**WHAT TO WORK ON:**
An exact reproduction of the listing is wanted, with the pictures dropped.

**INPUT RECORDS:**
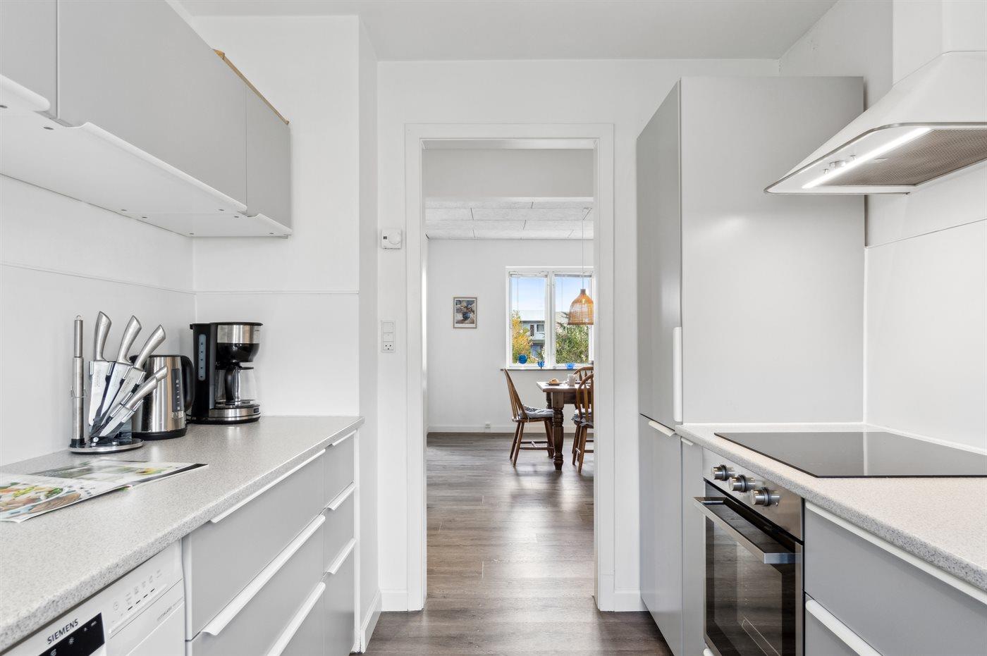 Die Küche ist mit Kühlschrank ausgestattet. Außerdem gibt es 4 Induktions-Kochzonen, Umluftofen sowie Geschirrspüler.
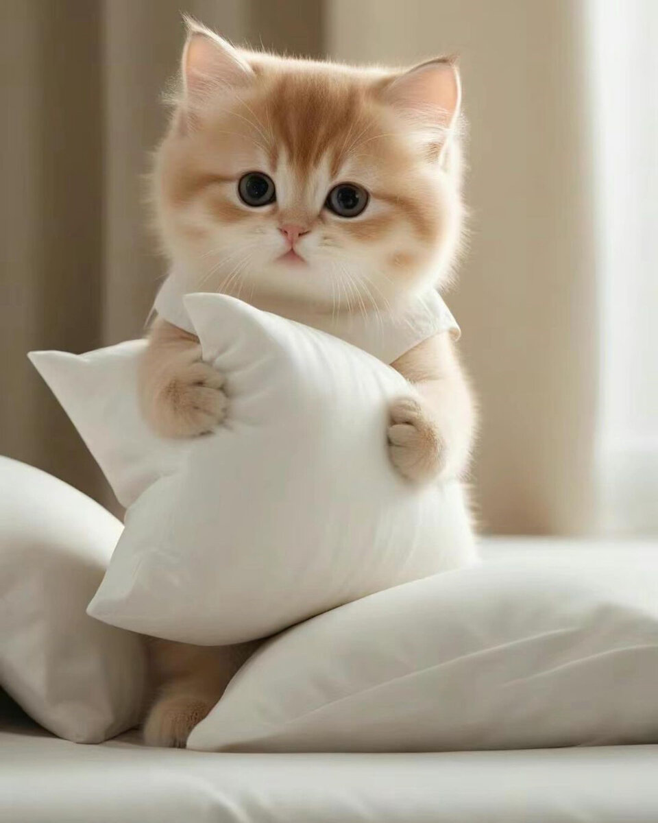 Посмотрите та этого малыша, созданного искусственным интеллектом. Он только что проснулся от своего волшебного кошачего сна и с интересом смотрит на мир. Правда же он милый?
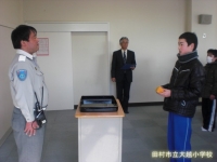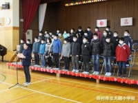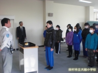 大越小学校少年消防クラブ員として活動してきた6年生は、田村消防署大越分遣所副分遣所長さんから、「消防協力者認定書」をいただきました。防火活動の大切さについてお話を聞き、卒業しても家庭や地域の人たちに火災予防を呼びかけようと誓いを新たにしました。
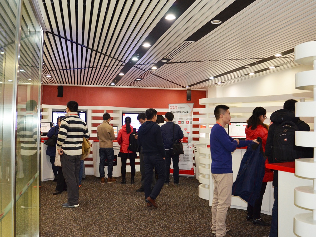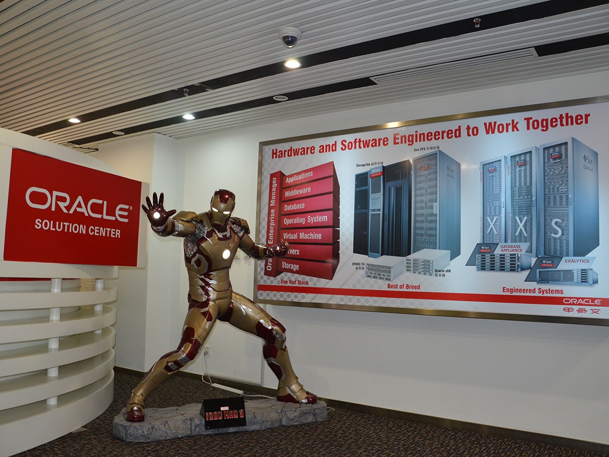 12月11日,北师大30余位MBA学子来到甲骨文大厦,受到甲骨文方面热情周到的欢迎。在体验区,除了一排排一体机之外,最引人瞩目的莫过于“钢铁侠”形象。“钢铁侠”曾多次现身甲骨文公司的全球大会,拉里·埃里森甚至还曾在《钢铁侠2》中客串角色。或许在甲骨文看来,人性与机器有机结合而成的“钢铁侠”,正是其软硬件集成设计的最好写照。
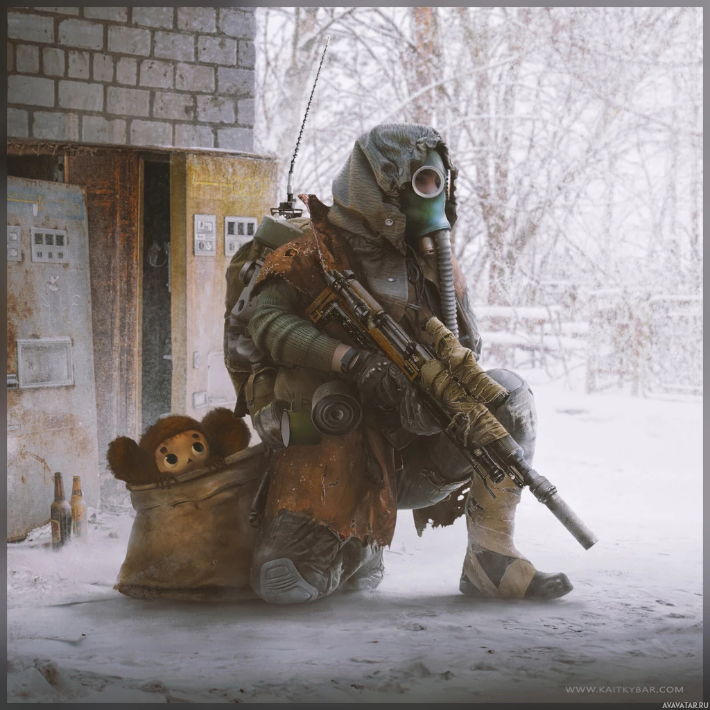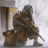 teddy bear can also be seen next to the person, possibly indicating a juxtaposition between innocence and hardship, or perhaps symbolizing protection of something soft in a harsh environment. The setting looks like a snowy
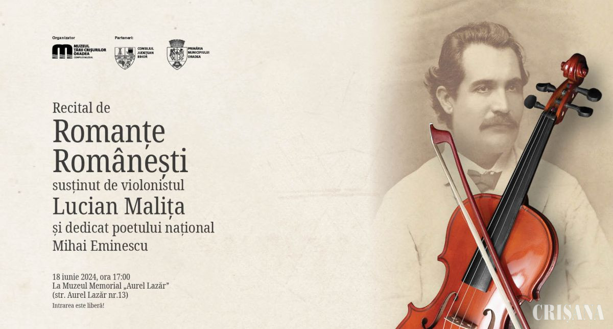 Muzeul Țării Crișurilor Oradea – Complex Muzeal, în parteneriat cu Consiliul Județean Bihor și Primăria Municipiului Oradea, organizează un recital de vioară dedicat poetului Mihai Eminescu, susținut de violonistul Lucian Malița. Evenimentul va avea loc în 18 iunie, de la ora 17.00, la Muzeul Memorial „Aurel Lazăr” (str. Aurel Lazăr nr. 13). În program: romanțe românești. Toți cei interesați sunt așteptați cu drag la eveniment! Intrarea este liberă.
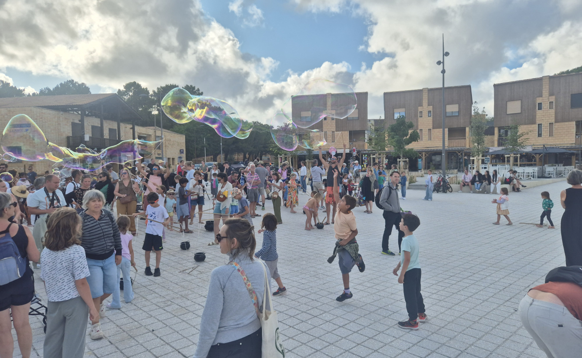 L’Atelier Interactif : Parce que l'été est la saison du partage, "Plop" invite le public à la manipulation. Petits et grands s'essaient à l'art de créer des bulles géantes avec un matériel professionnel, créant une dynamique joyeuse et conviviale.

**EXERCISE OUTPUT:**
 Die Küche ist mit Kühlschrank ausgestattet. Außerdem gibt es 4 Induktions-Kochzonen, Umluftofen sowie Geschirrspüler.
 Посмотрите та этого малыша, созданного искусственным интеллектом. Он только что проснулся от своего волшебного кошачего сна и с интересом смотрит на мир. Правда же он милый?
 大越小学校少年消防クラブ員として活動してきた6年生は、田村消防署大越分遣所副分遣所長さんから、「消防協力者認定書」をいただきました。防火活動の大切さについてお話を聞き、卒業しても家庭や地域の人たちに火災予防を呼びかけようと誓いを新たにしました。
 12月11日,北师大30余位MBA学子来到甲骨文大厦,受到甲骨文方面热情周到的欢迎。在体验区,除了一排排一体机之外,最引人瞩目的莫过于“钢铁侠”形象。“钢铁侠”曾多次现身甲骨文公司的全球大会,拉里·埃里森甚至还曾在《钢铁侠2》中客串角色。或许在甲骨文看来,人性与机器有机结合而成的“钢铁侠”,正是其软硬件集成设计的最好写照。
 teddy bear can also be seen next to the person, possibly indicating a juxtaposition between innocence and hardship, or perhaps symbolizing protection of something soft in a harsh environment. The setting looks like a snowy
 Muzeul Țării Crișurilor Oradea – Complex Muzeal, în parteneriat cu Consiliul Județean Bihor și Primăria Municipiului Oradea, organizează un recital de vioară dedicat poetului Mihai Eminescu, susținut de violonistul Lucian Malița. Evenimentul va avea loc în 18 iunie, de la ora 17.00, la Muzeul Memorial „Aurel Lazăr” (str. Aurel Lazăr nr. 13). În program: romanțe românești. Toți cei interesați sunt așteptați cu drag la eveniment! Intrarea este liberă.
 L’Atelier Interactif : Parce que l'été est la saison du partage, "Plop" invite le public à la manipulation. Petits et grands s'essaient à l'art de créer des bulles géantes avec un matériel professionnel, créant une dynamique joyeuse et conviviale.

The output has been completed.